Data extract below:

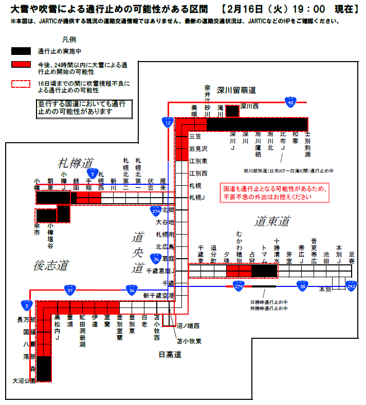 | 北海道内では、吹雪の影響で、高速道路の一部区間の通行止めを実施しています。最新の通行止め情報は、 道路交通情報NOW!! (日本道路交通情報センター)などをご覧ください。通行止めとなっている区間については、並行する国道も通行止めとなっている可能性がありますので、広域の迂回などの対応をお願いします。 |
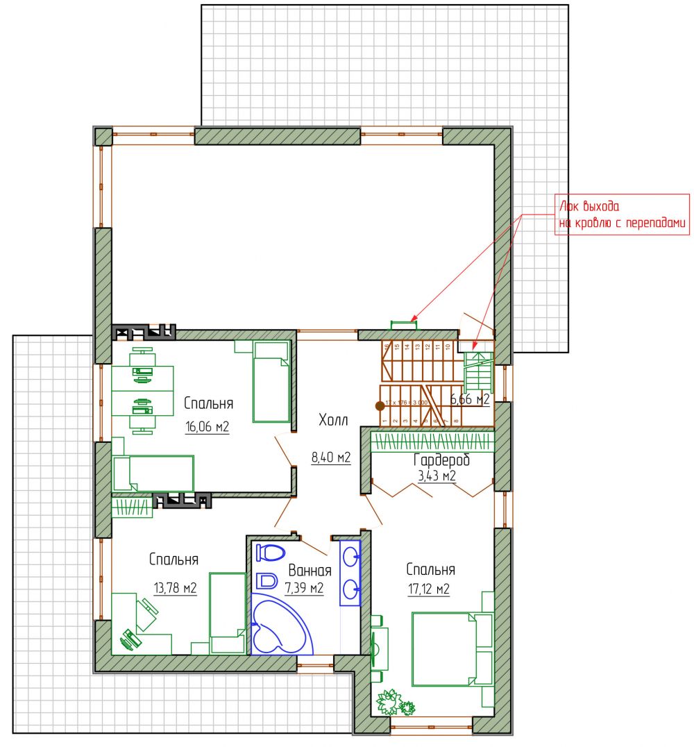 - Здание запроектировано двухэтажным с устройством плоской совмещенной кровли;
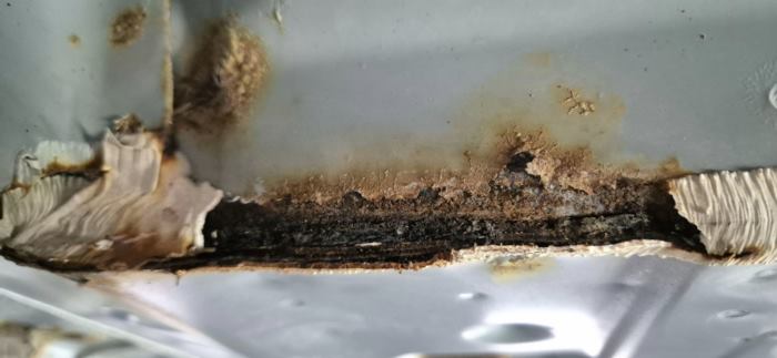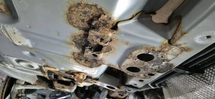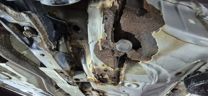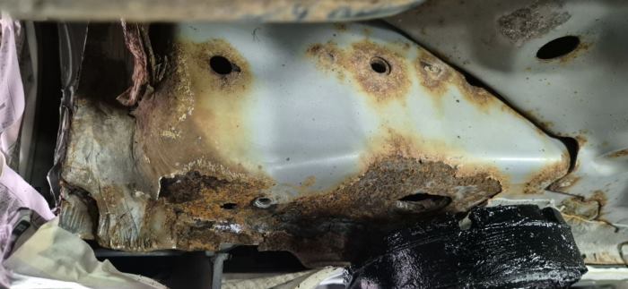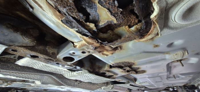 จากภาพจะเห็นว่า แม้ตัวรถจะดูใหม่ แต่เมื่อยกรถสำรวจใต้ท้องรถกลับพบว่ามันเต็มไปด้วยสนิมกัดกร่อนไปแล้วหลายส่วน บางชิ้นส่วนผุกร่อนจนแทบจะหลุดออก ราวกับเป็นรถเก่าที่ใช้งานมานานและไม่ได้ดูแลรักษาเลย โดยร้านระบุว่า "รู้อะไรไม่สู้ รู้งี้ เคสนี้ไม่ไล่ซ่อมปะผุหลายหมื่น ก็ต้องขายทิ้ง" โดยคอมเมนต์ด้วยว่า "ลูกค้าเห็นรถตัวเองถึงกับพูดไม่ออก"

End of Data extract.

Please output the material above again, exactly, and omit every image.

:: Exercise result ::
 | 北海道内では、吹雪の影響で、高速道路の一部区間の通行止めを実施しています。最新の通行止め情報は、 道路交通情報NOW!! (日本道路交通情報センター)などをご覧ください。通行止めとなっている区間については、並行する国道も通行止めとなっている可能性がありますので、広域の迂回などの対応をお願いします。 |
 - Здание запроектировано двухэтажным с устройством плоской совмещенной кровли;
 จากภาพจะเห็นว่า แม้ตัวรถจะดูใหม่ แต่เมื่อยกรถสำรวจใต้ท้องรถกลับพบว่ามันเต็มไปด้วยสนิมกัดกร่อนไปแล้วหลายส่วน บางชิ้นส่วนผุกร่อนจนแทบจะหลุดออก ราวกับเป็นรถเก่าที่ใช้งานมานานและไม่ได้ดูแลรักษาเลย โดยร้านระบุว่า "รู้อะไรไม่สู้ รู้งี้ เคสนี้ไม่ไล่ซ่อมปะผุหลายหมื่น ก็ต้องขายทิ้ง" โดยคอมเมนต์ด้วยว่า "ลูกค้าเห็นรถตัวเองถึงกับพูดไม่ออก"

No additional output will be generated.